Discussion in 'Historiography' started by Gage, Mar 4, 2006.

  1. Biggles115

    Biggles115 Member

    Hallo all

    I guess I got interested because I grew up in 'good years' to grow up in - the late '60s to mid 70s!

    It must be admitted, Action Man played a Major Role, as did 1/32nd scale meltable soldiers, war movies on the tv during school holidays and a feeling that you really were surrounded by Veterans. If I took more notice at the time I could tell you more about them all. But, back then, my time was taken up playing the game every boy loved: War.

    I wonder how those Veterans must have shaken their heads, or chuckled in their beer to themselves, "if only those boys knew"...

    But there we were, running over the rubble of 'bomb sites', a massive mob of average age ten year olds in monkey boots, wearing every assortment of beret's and sidecaps (baseball caps were nowhere!) you could imagine!

    Making the universal 'brrrrrrrrrrrrrr' noise of a German machine gun and lobbing invisible hand grenades from foxholes only a few yards away from each other. Where I grew up, there were still piles of rubble which were once houses and empty burnt out warehouses, believe it or not! Quite a few pillboxes to duck and dive around (although you'd never go there after dusk), making grenade attacks into block houses (this time with bricks) and storming the pillboxes with Sten's made of the correct shaped twigs. That twig may have been found hours ago, but knowing you'd most likely being playing 'war' later, you've kept it all day long, safe and secure! Or, joy of joys, you might find some old pipe of the correct scale and length, the perfect bazooka!

    "DurDurDurDurDurDurDur!" That's the sound of a twigSten. Of course, we learnt all this from the pages of Battle and Commando and War Picture etc,
    who made clear the differences between the sounds of weapons. Regularly swopped, the comic supply never ended and you leant your combat moves from the cover art!

    Can you imagine the fun of attacking your own real Docks Area, when you've just watched "The Gift Horse" on tv? Rummaging through the detritus of flattened warehouses before making your way down to the River to rummage on the shore, eyes keenly looking for shrapnel but not really knowing what shrapnel looked like.

    The docks were virtually empty back then, just unused, just sitting there to be a playground for kids playing War in their grandad's hat, throwing invisible grenades the way he showed you with an apple or orange when he got a bit jokey.

    The kind of stuff you wouldn't let your own kids do, the type of stuff kids aren't even encouraged to do.

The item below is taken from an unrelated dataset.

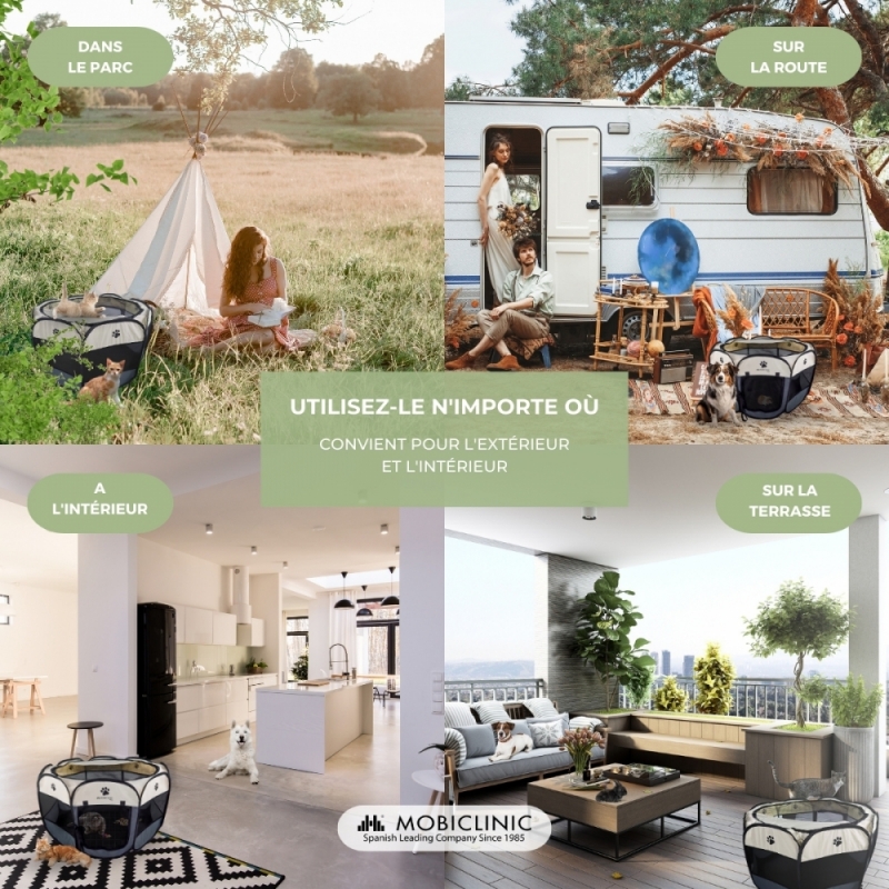 La polyvalence de ce parc ne connaît pas de limites conventionnelles, s'adaptant facilement à n'importe quel environnement, que ce soit à l'intérieur ou à l'extérieur . De plus, sa conception astucieuse en fait un refuge sûr pour les chats, lapins, hamsters et autres petits rongeurs.

Play 'out', run around, be active, be fit, be free, be free to imagine, be free to nearly but not quite break your arm falling down a hole. And do it supervised only by your peers.

    Or else, we'd play out with our dolls, yes, little boys with dolls (who could imagine it these days!), using our imagination to recreate battlefields and there was always the one kid who seemed to get the best kit and vehicles before anyone else while you eagerly await the latest delivery at your own particular favourite toyshop. Using matches to burn small holes in the Afrika Korps jacket and always being disappointed with the plastic Afrika Korps feldmutze... The revolution of grippable hands and then, crikey, movable eyes (which never really made sense)

    Then sitting down after dinner (eaten at the table, with the family) you'd stick together plastic kits (or if you were really good, you'd paint them first), and know intimate aspects of most aircraft or tank from the period. You would be the general manager of a production line, waiting to face battle against 1/72nd scale commando's with oars in kayaks (which also floated in the bath). Laying out the newspaper, getting glue on your thumb that you could later peel off and study your fingerprints...


    Kids these days dont know what they're missing!

    Or maybe I'm getting old!

    Anyway, they can do it all on a portable hand held screen these days and their friends are people they've never met, living on the other side of the world.

    You've summed up my childhood, only thing is I was the last of 3 brothers so by the time I got my action man he was a war veteren and collecting a pension. I also had the Navy action man (the one with the beard) but by the time i got him handed down my brother had scraped off the hair and he looked like he'd got some serious facial burns....

    My bedroom also became known as the Airfix graveyard...
     
  2. -tmm-

    -tmm- Senior Member

    I suppose I got interested initially by a love for WW2 aircraft as a boy, and the discovery that I lived right next to an old airfield. I spent a lot of my time making models growing up and just loved anything to do with military aircraft.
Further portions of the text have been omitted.